## Task instructions
Look for the line with "iPad de Apple" in the entries below, then extract that line and all lines after it exactly, with pictures left out.

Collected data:
▬▬▬▬▬▬

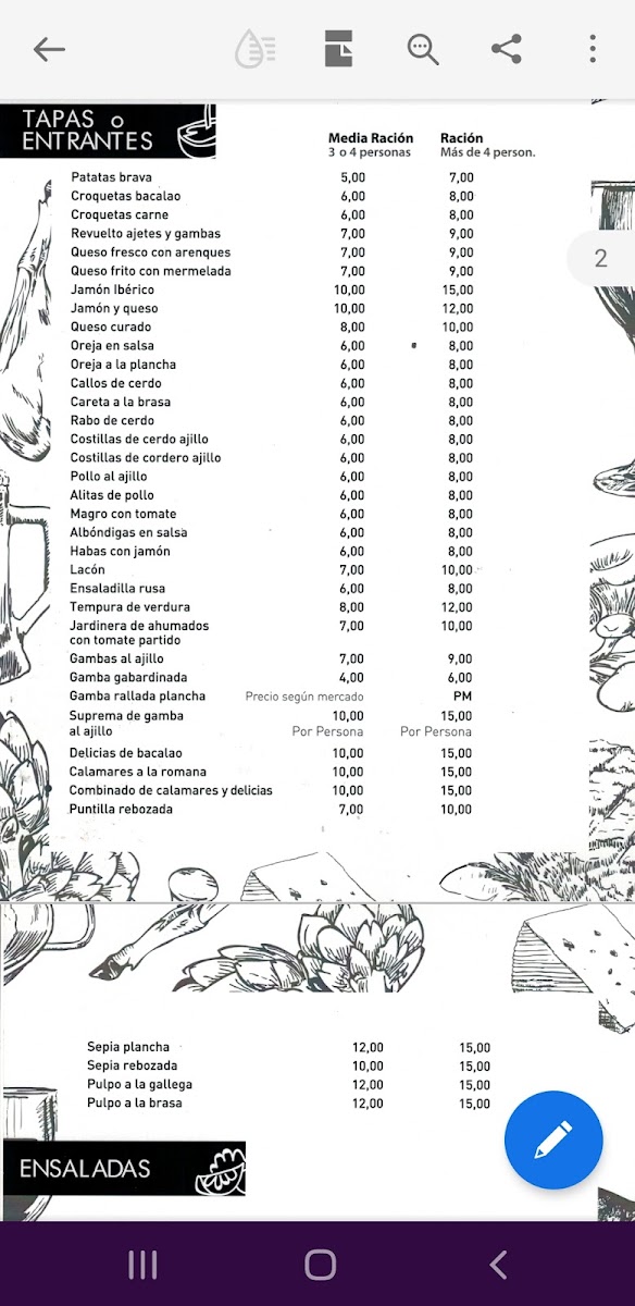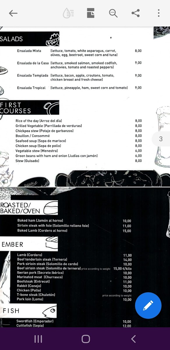 Typical choices include rich, meaty options like Secreto Ibérico and Chuletón de Ternera, alongside timeless favorites such as Paella and Gazpacho Andaluz. Lighter touches like Ensalada de Cortesía and fresh fruit complement the heavier plates, providing balance on the plate.
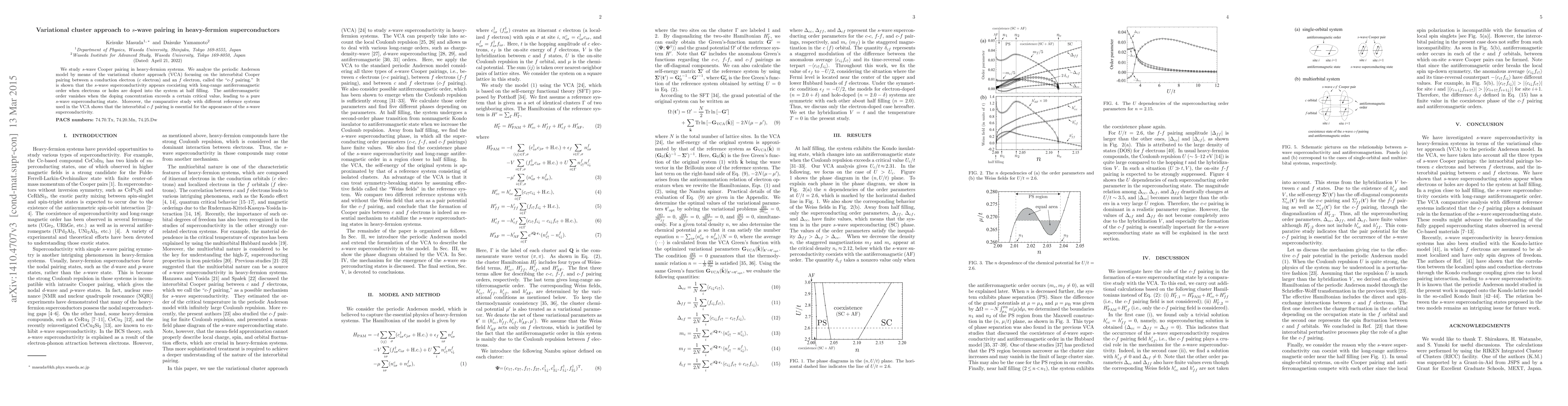 This paper employs the variational cluster approach to investigate s-wave Cooper pairing in heavy-fermion superconductors, specifically focusing on the interorbital $c$-$f$ pairing. It finds that s-wave superconductivity emerges alongside antiferromagnetic order with doping, which disappears at a critical doping level, resulting in pure s-wave superconductivity.
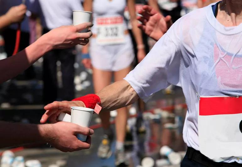 During the race – Keep drinking water, but also add a sports drink that replenishes the electrolytes, sodium and potassium you will burn after the first hour and a half. Energy gels are fine (provided you have trained with them and know they won’t upset your stomach).
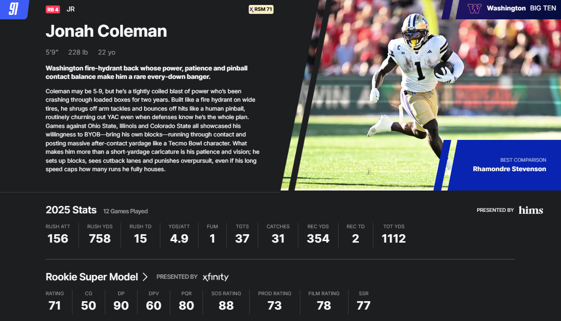 The Washington product racked up nearly 4,000 total yards from scrimmage and scored 37 times in four seasons of college ball, rarely having any issues with ball security or pass protection along the way. Hell, the man took out likely top-10 pick Sonny Styles! This all makes more sense when you realize Coleman is built like a brick house: At 5-foot-8, 220 pounds, he has a BMI in the 97th percentile among running backs!
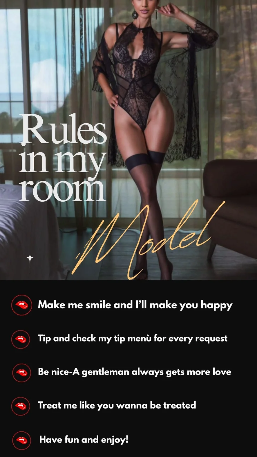 Blowjob, Camel Toe, Cuckold, Doggy Style, Facesitting, Fingering, Erotic Dance, Foot Fetish, Heels, Handjob, Humiliation, Jerk-off Instruction, Mistress, Nylon, Ahegao, Cock Rating, Corset, Cowgirl, Creampie, Deepthroat, Dildo or Vibrator, Dirty Talk, Facial, Flashing, Oil Show, Masturbation, Orgasm, Spanking, Striptease, Smoking, Squirt, Twerk, Tittyfuck, Topless, Sex Toys
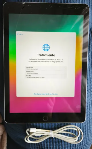 iPad de Apple en color plata. 32gb funciona perfectamente pero la pantalla está un poco partida por el borde superior
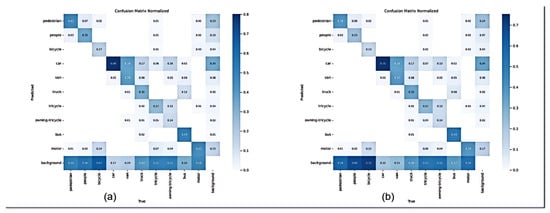 Nevertheless, some challenges remain. Categories such as ‘Bicycle’ (17.2%), ‘Tricycle’ (33.3%), and ‘A-tricycle’ (18.1%) continue to exhibit notable confusion, frequently misidentified either among themselves or as background. This is likely due to similar visual structures and dense scene contexts. Even so, the overall improvement across most categories highlights DCS-YOLOv8’s superior feature discrimination and contextual reasoning capabilities.
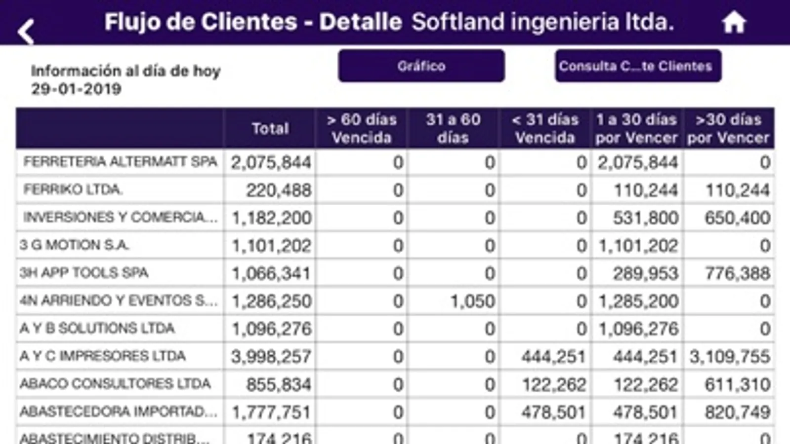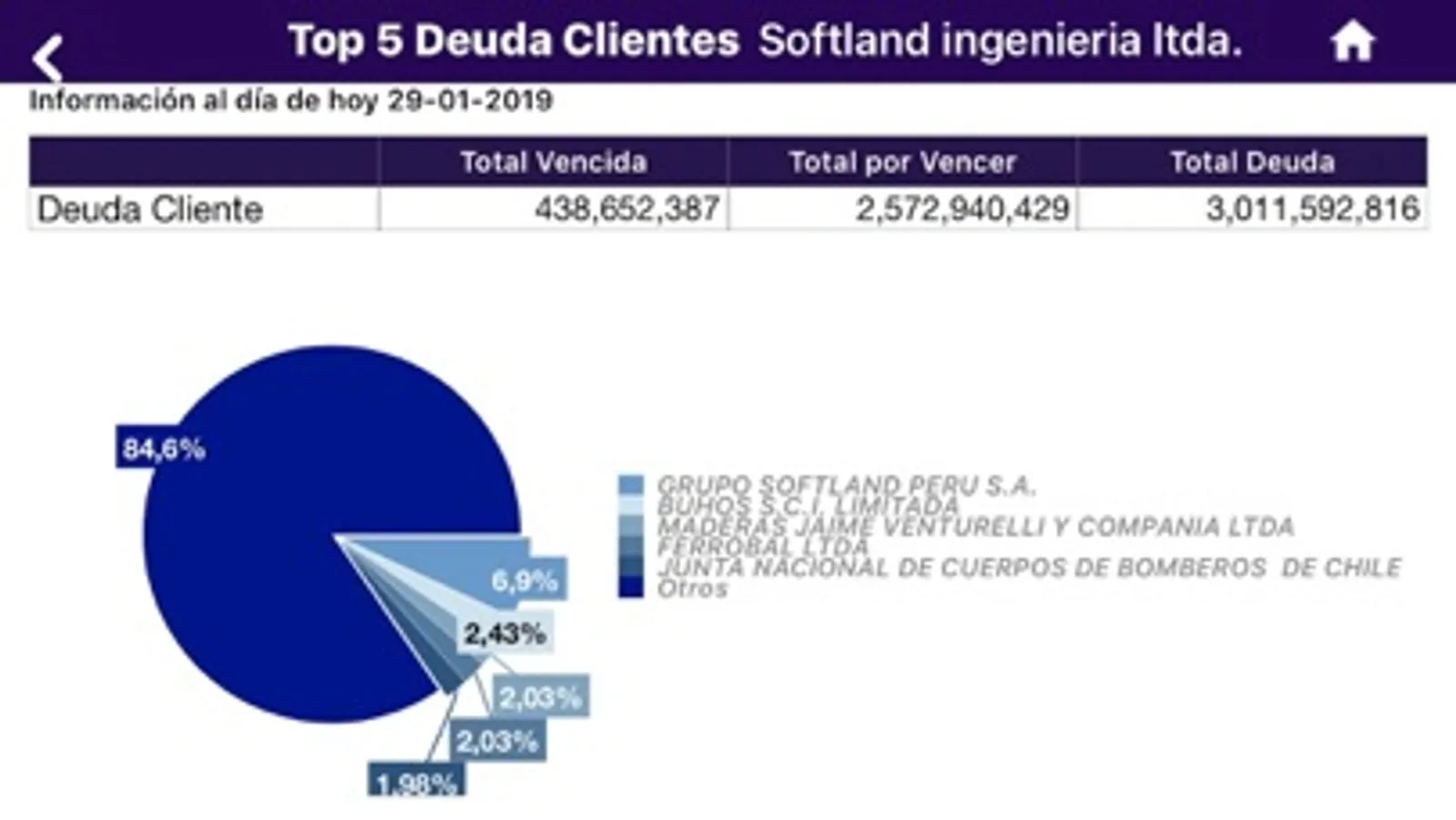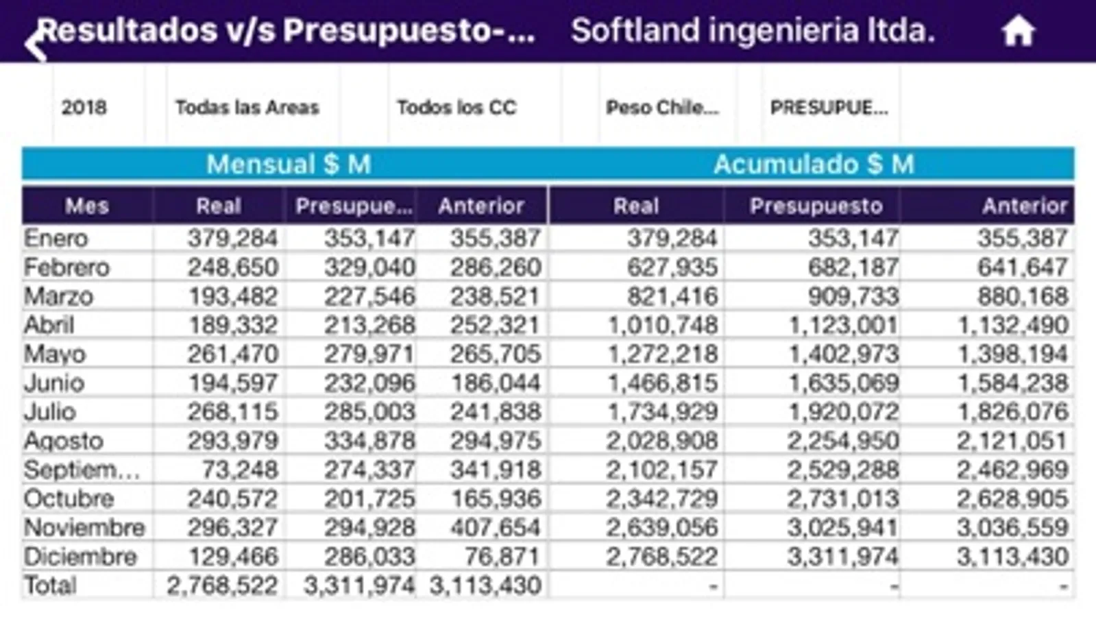- Finanzas: obtendrá en todo momento el resultado entre los Ingresos y egresos, comparando con el presupuesto, tanto a nivel global como detallado por cuentas, así como el Flujo de Caja, con los ingresos presupuestados en base a las cuentas por cobrar, y los egresos en base a las cuentas por pagar, estratificado de acuerdo a lo vencido y lo por vencer, visualizando los top 5 de clientes y proveedores que conforman la concentración de deudas.

▬▬▬▬▬▬

## Exercise output
 iPad de Apple en color plata. 32gb funciona perfectamente pero la pantalla está un poco partida por el borde superior
 Nevertheless, some challenges remain. Categories such as ‘Bicycle’ (17.2%), ‘Tricycle’ (33.3%), and ‘A-tricycle’ (18.1%) continue to exhibit notable confusion, frequently misidentified either among themselves or as background. This is likely due to similar visual structures and dense scene contexts. Even so, the overall improvement across most categories highlights DCS-YOLOv8’s superior feature discrimination and contextual reasoning capabilities.
- Finanzas: obtendrá en todo momento el resultado entre los Ingresos y egresos, comparando con el presupuesto, tanto a nivel global como detallado por cuentas, así como el Flujo de Caja, con los ingresos presupuestados en base a las cuentas por cobrar, y los egresos en base a las cuentas por pagar, estratificado de acuerdo a lo vencido y lo por vencer, visualizando los top 5 de clientes y proveedores que conforman la concentración de deudas.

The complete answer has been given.